Hakim was born in Beirut, Lebanon to Palestinian parents who fled during the 1948 Nakba, the mass displacement of Palestinians during the establishment of Israel. He and his parents moved to the U.S. when he was just a toddler. Hakim was raised in New York City and then Washington, D.C. He arrived in the Bay Area in 1987, when he was in his early 30s, and has been here ever since.
One of Hakim’s award-winning projects, Home Away From Home: Little Palestine by the Bay, was something he dreamt of doing since he was young. The 2014 multimedia project features photographs and audio stories of 26 Palestinians across the Bay Area. “The goal of the project was to give Palestinians a voice to tell their own stories in their own words, and to humanize their experiences,” he says.
When Israel’s war in Gaza started last October, Hakim said he went through a period of self-isolation. “For the first two months after Oct. 7, I didn’t even leave my apartment except to get food,” he reflects. “Part of the reason for that is I think most of the people out there are living in Disneyland. They don’t seem to feel what’s going on in Gaza in the same way I do.”
Over the past year, Hakim has felt angry and frustrated. “People are on the streets. People are demanding a ceasefire,” he says. “But the U.S. government doesn’t represent us. The government does not represent the interests of humanity,” he said. “I’ve always known that free speech didn’t include speech about Palestine.”
Yet Bay Area residents’ solidarity with Palestinians through protests, education and activism has felt heartening, he says.
“I think those people realize that this isn’t just about Palestine,” he says. “We are all connected. We are all somehow victims and the result of the imperial world.”
In another one of Hakim’s projects, Palestine Diary, he shares photos and stories from his visit to Gaza, Jerusalem and the West Bank in the late ’70s, when he was in his early 20s. “I rediscovered them recently and I thought, ‘Wow, these are my pictures,’” he says.
The captions accompanying the photos are excerpts from a journal he kept at the time. “When I read the journal recently, it felt like letters that I had written to my future self were just delivered,” he wrote on his website.
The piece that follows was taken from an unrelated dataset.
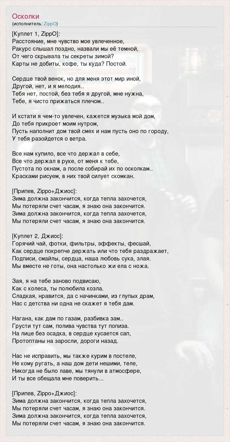 [Куплет 1, ZippO]: Расстояние, мне чувство мое увлеченное, Ракурс слышал поздно, назвали мы её темной, От чего скрывала ты секреты зимой? Карты не добиты, кофе, ты куда? Постой. Сердце твой венок, но для меня этот мир иной, Другой, нет, и я мелодия.. Тебя нет, постой, без тебя я другой, мне нужна, Тебе, я чисто прижаться плечом.. И кстати я чем-то увлечен, кажется музыка мой дом, До тебя прикроет моим нутром, Пусть наполнит дом твой смех и нам пусть оно по городу, У тебя разойдется о ветра. Все нам купило, все что держал в себе, Все что держал в руке, от меня к тебе, Пустота по окнам, а после собирай их по осколкам.. Красками рисуем, в них твой силует скомкан. [Припев, Zippo+Джиос]: Зима должна закончится, когда тепла захочется, Мы потеряли счет часам, я знаю она закончится. Зима должна закончится, когда тепла захочется, Мы потеряли счет часам, я знаю она закончится. [Куплет 2, Джиос]: Горячий чай, фотки, фильтры, эффекты, фесшай, Как сердце покрепче держать или что тебя раздражает, Подписи, смайлы, сердца, наша любовь сука, злая. Мы вместе не готы, она настолько жи ела с ножа. Зая, я на тебе заново подвисаю, Как с колеса, ты полюбила козла. Сладкая, нравится, да с начинками, из глупых драм, Нас с детства ни одна не скажет я тебя дам. Нагана, как дам по газам, разбивка зам.. Грусти тут сам, полива чувства тут попиза. На лице без осадка, в сердце кусается сап, Протоптаны на заросли, дороги назад. Нас не исправить, мы также курим в постеле, Не кому ругать, а наш дом дети нешими, теле, Никогда не было лаве, мы тянули в атмосфере, И ты все обещала мне поверить... [Припев, Zippo+Джиос]: Зима должна закончится, когда тепла захочется, Мы потеряли счет часам, я знаю она закончится. Зима должна закончится, когда тепла захочется, Мы потеряли счет часам, я знаю она закончится.

In one entry in Palestine Diary, he shares an excerpt from his journal. “I never felt so at home anywhere as I do here,” it reads. “Every breath feels like a charge of energy. Life here for me is as natural as waking up in the morning. I walk to the Old City and get some warm knafeh and freshly squeezed carrot juice as if I’ve done it my whole life.”
When thinking about his role as a Palestinian American artist as the war rages on, he hopes he can continue to make art that shares the joy of his people. “I’m trying to spread the beauty,” he says, “of Palestinian culture and people.”